Records from a collection:
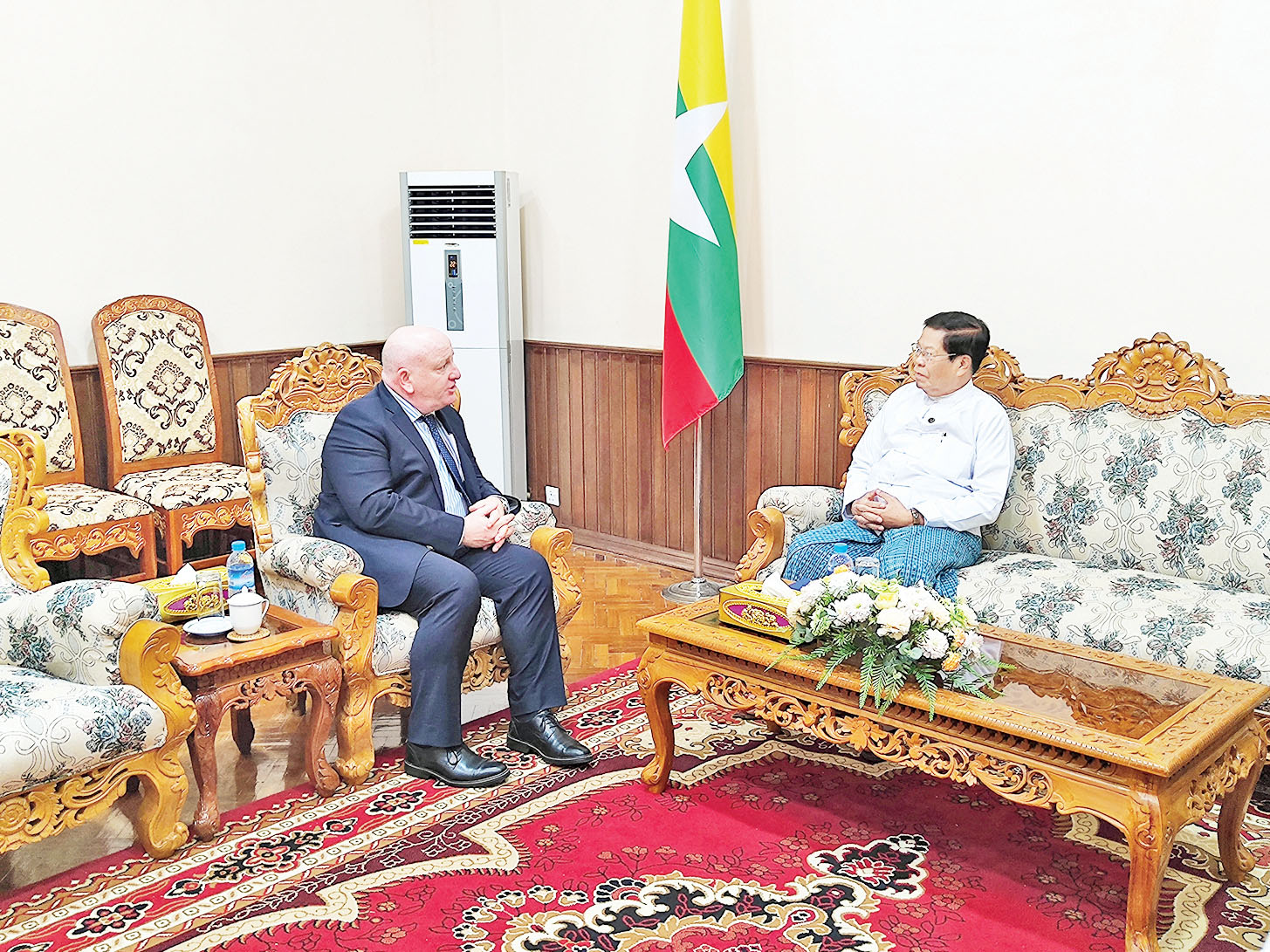 နိုင်ငံခြားရေးဝန်ကြီးဌာန ပြည်ထောင်စုဝန်ကြီး ဦးသန်းဆွေသည် မြန်မာနိုင်ငံရှိ ကုလသမဂ္ဂ လူသားချင်းစာနာမှုဆိုင်ရာညှိနှိုင်းရေးရုံး (UNOCHA)၏အကြီးအကဲ Mr. Justin Brady အား ယနေ့မွန်းလွဲ ၃ နာရီတွင် နေပြည်တော်ရှိ နိုင်ငံခြားရေးဝန်ကြီးဌာန၌ လက်ခံတွေ့ဆုံသည်။
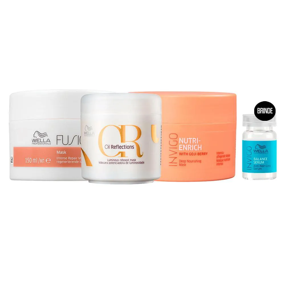 KIT WELLA PROFESSIONALS CRONOGRAMA CAPILAR - 3 MáSCARAS + BRINDE AMPOLA 6ML
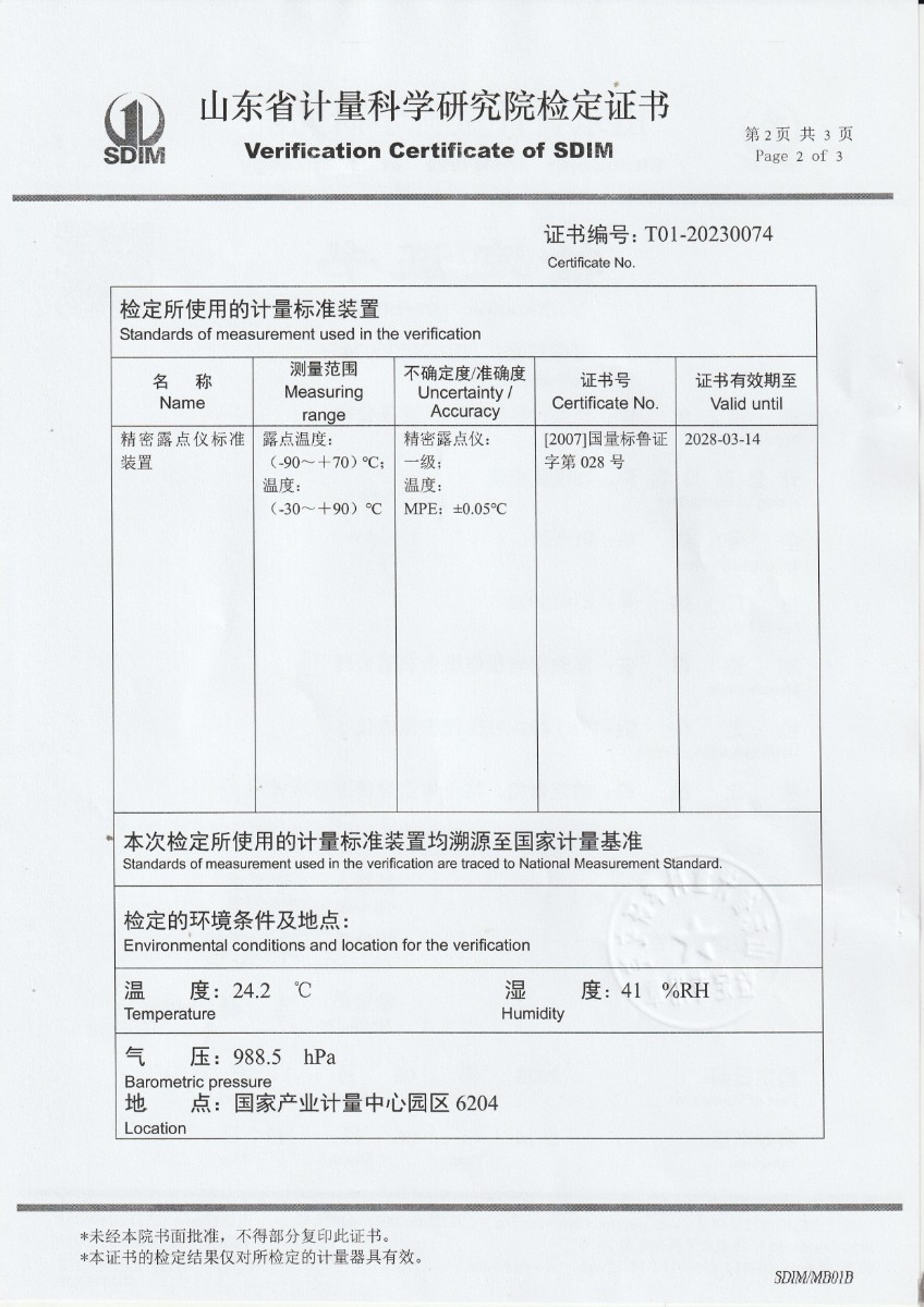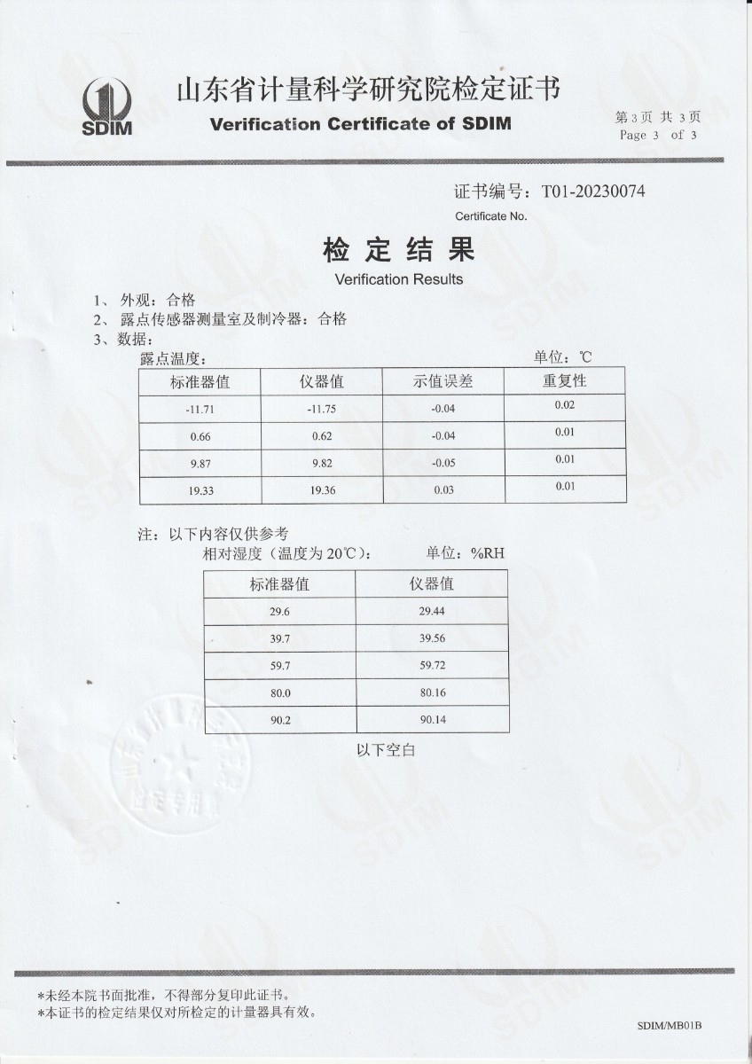 允公計量檢測有限責任公司-冷鏡露點儀檢定證書 2023-6-25 本文被閱讀 20228 次
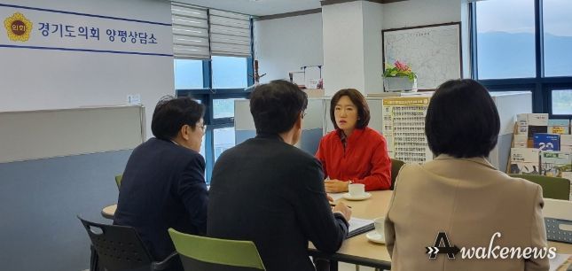 어웨이크뉴스 오경하 기자 | 경기도의회 기획재정위원회 부위원장 이혜원 의원 (국민의힘, 양평 2) 은 27일 양평상담소에서 경기도청 기획담당관 관계자와 함께 '경기도 행정기구 및 정원조례 개정' 관련 업무보고를 받고, 국가지원 지방도 건설 사업 및 지방채 발행 관련한 주요 현안을 점검했다.
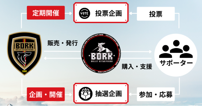 ボルクバレット北九州トークンはクラブへの応援の「しるし」や「証」の役割を果たし、また単に支援の証になるだけでなく、保有することでクラブ発の投票企画への参加や、トークン保有者限定の特典への応募ができるなど、新しい体験ができるデジタル上のアイテムです。
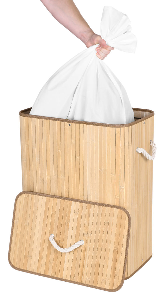 Najlepša in najbolj trpežna stilna košara za perilo s kapaciteto 100 litrov. Izdelana iz naravnega bambusa. Notranjost je opremljena z laneno vrečo s praktično pregrado za svetlo in temno perilo. Enostavna konstrukcija, trdna struktura. Skrije neprijetne vonjave. Omogoča udobno in hitro pranje.
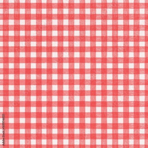 色鉛筆の優しいタッチで描いた赤いギンガムチェックの背景イラスト
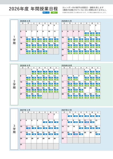 1学期2学期3学期カレンダー内の数字は授業日・講数を表します(講数の記載されていない日に授業はありません)。※授業日程は変更になる場合があります。その場合は随時お知らせします。2026年度年間授業日程日月火水木金土4講4講3講3講3講3講4講4講4講4講4講4講5講5講4講4講4講4講5講5講5講5講5講5講6講6講5講5講5講5講6講6講6講6講6講6講7講7講6講6講6講6講12345678910111213141516171819202122232425262728293031日月火水木金土5講5講5講5講5講5講5講5講6講6講6講6講6講6講6講6講6講6講7講7講6講6講7講7講7講7講7講7講7講7講8講8講7講7講8講8講8講8講9講9講8講8講8講8講8講8講9講9講12345678910111213141516171819202122232425262728293031日月火水木金土3講3講3講4講4講4講4講4講4講5講5講5講6講6講5講5講5講6講6講12345678910111213141516171819202122232425262728日月火水木金土1講1講1講1講1講1講1講1講1講1講1講1講2講2講2講2講2講2講2講2講2講2講2講2講3講3講3講3講3講3講3講3講日月火水木金土1講1講1講1講1講1講1講1講1講1講1講1講2講2講2講2講2講2講2講2講2講2講2講2講3講3講3講3講3講3講3講3講3講3講3講3講4講4講4講4講4講4講4講4講4講4講4講4講5講5講5講5講1234567891011121314151617181920212223242526272829302026年4月2026年9月2027年1月2026年5月2026年10月2027年2月日月火水木金土1講1講1講1講1講1講2講2講2講2講2講2講3講3講3講12345678910111213141516171819202122232425262728293031123456789101112131415161718192021222324252627282930中1・2中3
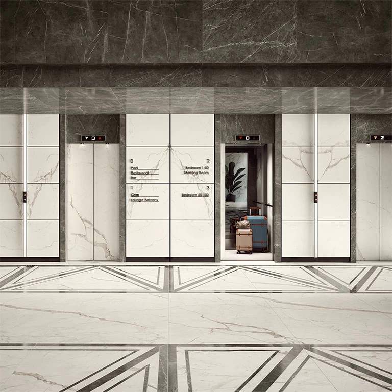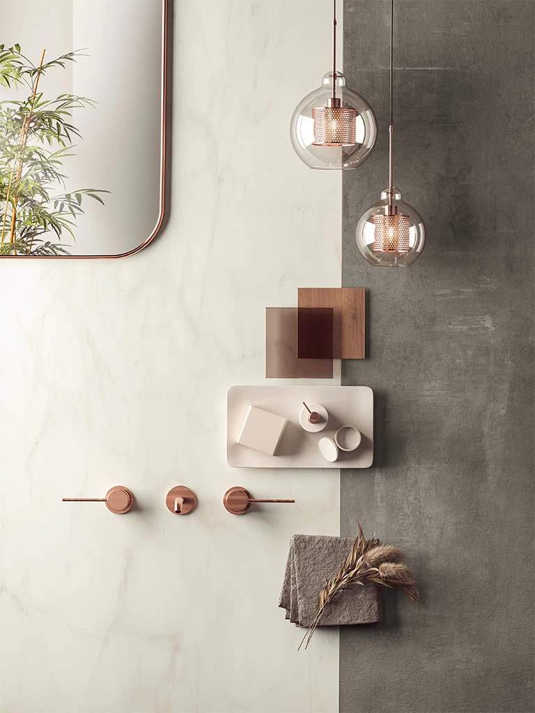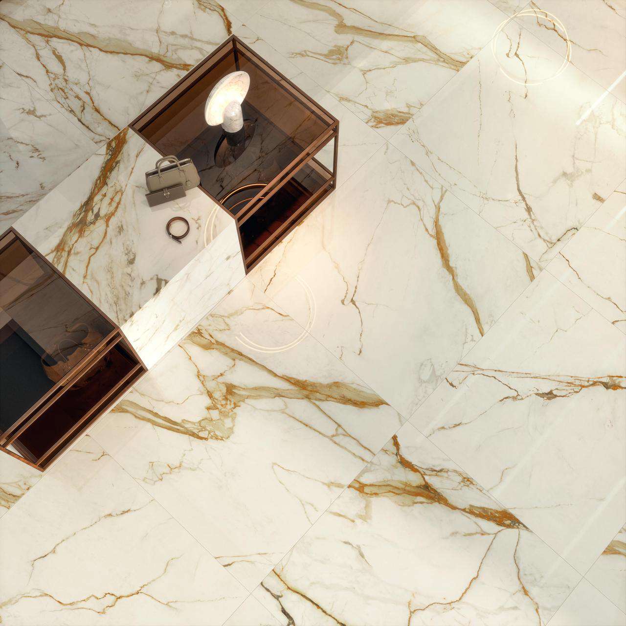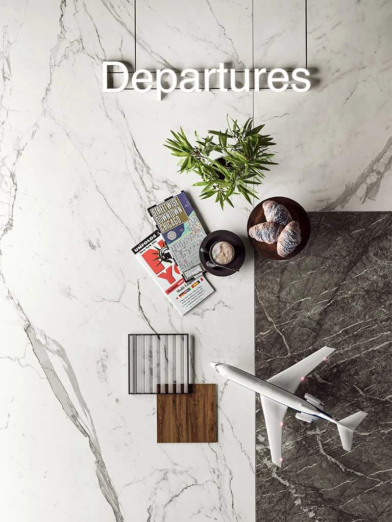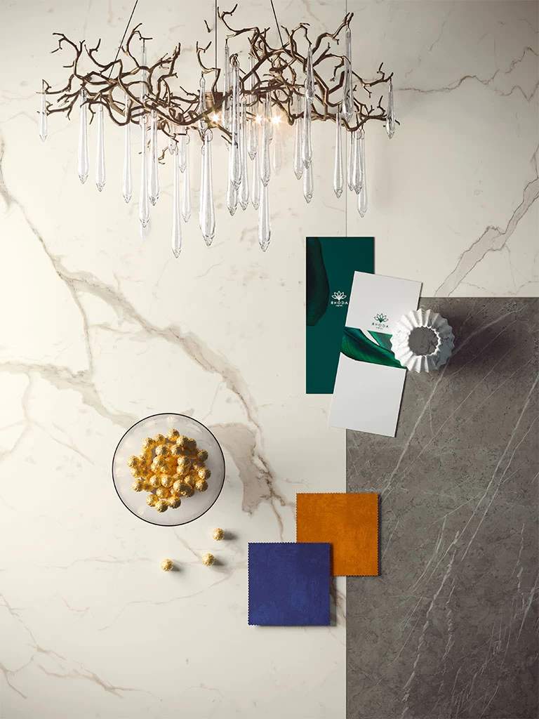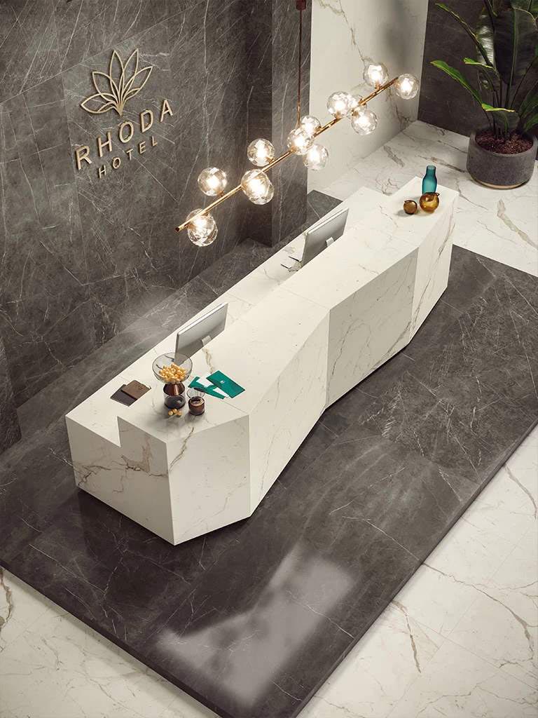 Four light tones inspired by the finest varieties of Calacatta and Statuario marbles and distinguished by a bright white background. The surface is traversed by warm or cool veins depending on the variety of marble, the total-white look enhancing applications on the wall, floor, and even on furnishings, not to mention combinations with other colours and accents of the Marvel collections. Variation is an inherent characteristic of tiles and stone.

→ **PROBLEM STATEMENT**
Please reproduce the entries from above exactly; images are not part of the copy.

→ **FINISHED EXERCISE**
 နိုင်ငံခြားရေးဝန်ကြီးဌာန ပြည်ထောင်စုဝန်ကြီး ဦးသန်းဆွေသည် မြန်မာနိုင်ငံရှိ ကုလသမဂ္ဂ လူသားချင်းစာနာမှုဆိုင်ရာညှိနှိုင်းရေးရုံး (UNOCHA)၏အကြီးအကဲ Mr. Justin Brady အား ယနေ့မွန်းလွဲ ၃ နာရီတွင် နေပြည်တော်ရှိ နိုင်ငံခြားရေးဝန်ကြီးဌာန၌ လက်ခံတွေ့ဆုံသည်။
 KIT WELLA PROFESSIONALS CRONOGRAMA CAPILAR - 3 MáSCARAS + BRINDE AMPOLA 6ML
 允公計量檢測有限責任公司-冷鏡露點儀檢定證書 2023-6-25 本文被閱讀 20228 次
 어웨이크뉴스 오경하 기자 | 경기도의회 기획재정위원회 부위원장 이혜원 의원 (국민의힘, 양평 2) 은 27일 양평상담소에서 경기도청 기획담당관 관계자와 함께 '경기도 행정기구 및 정원조례 개정' 관련 업무보고를 받고, 국가지원 지방도 건설 사업 및 지방채 발행 관련한 주요 현안을 점검했다.
 ボルクバレット北九州トークンはクラブへの応援の「しるし」や「証」の役割を果たし、また単に支援の証になるだけでなく、保有することでクラブ発の投票企画への参加や、トークン保有者限定の特典への応募ができるなど、新しい体験ができるデジタル上のアイテムです。
 Najlepša in najbolj trpežna stilna košara za perilo s kapaciteto 100 litrov. Izdelana iz naravnega bambusa. Notranjost je opremljena z laneno vrečo s praktično pregrado za svetlo in temno perilo. Enostavna konstrukcija, trdna struktura. Skrije neprijetne vonjave. Omogoča udobno in hitro pranje.
 色鉛筆の優しいタッチで描いた赤いギンガムチェックの背景イラスト
 1学期2学期3学期カレンダー内の数字は授業日・講数を表します(講数の記載されていない日に授業はありません)。※授業日程は変更になる場合があります。その場合は随時お知らせします。2026年度年間授業日程日月火水木金土4講4講3講3講3講3講4講4講4講4講4講4講5講5講4講4講4講4講5講5講5講5講5講5講6講6講5講5講5講5講6講6講6講6講6講6講7講7講6講6講6講6講12345678910111213141516171819202122232425262728293031日月火水木金土5講5講5講5講5講5講5講5講6講6講6講6講6講6講6講6講6講6講7講7講6講6講7講7講7講7講7講7講7講7講8講8講7講7講8講8講8講8講9講9講8講8講8講8講8講8講9講9講12345678910111213141516171819202122232425262728293031日月火水木金土3講3講3講4講4講4講4講4講4講5講5講5講6講6講5講5講5講6講6講12345678910111213141516171819202122232425262728日月火水木金土1講1講1講1講1講1講1講1講1講1講1講1講2講2講2講2講2講2講2講2講2講2講2講2講3講3講3講3講3講3講3講3講日月火水木金土1講1講1講1講1講1講1講1講1講1講1講1講2講2講2講2講2講2講2講2講2講2講2講2講3講3講3講3講3講3講3講3講3講3講3講3講4講4講4講4講4講4講4講4講4講4講4講4講5講5講5講5講1234567891011121314151617181920212223242526272829302026年4月2026年9月2027年1月2026年5月2026年10月2027年2月日月火水木金土1講1講1講1講1講1講2講2講2講2講2講2講3講3講3講12345678910111213141516171819202122232425262728293031123456789101112131415161718192021222324252627282930中1・2中3
 Four light tones inspired by the finest varieties of Calacatta and Statuario marbles and distinguished by a bright white background. The surface is traversed by warm or cool veins depending on the variety of marble, the total-white look enhancing applications on the wall, floor, and even on furnishings, not to mention combinations with other colours and accents of the Marvel collections. Variation is an inherent characteristic of tiles and stone.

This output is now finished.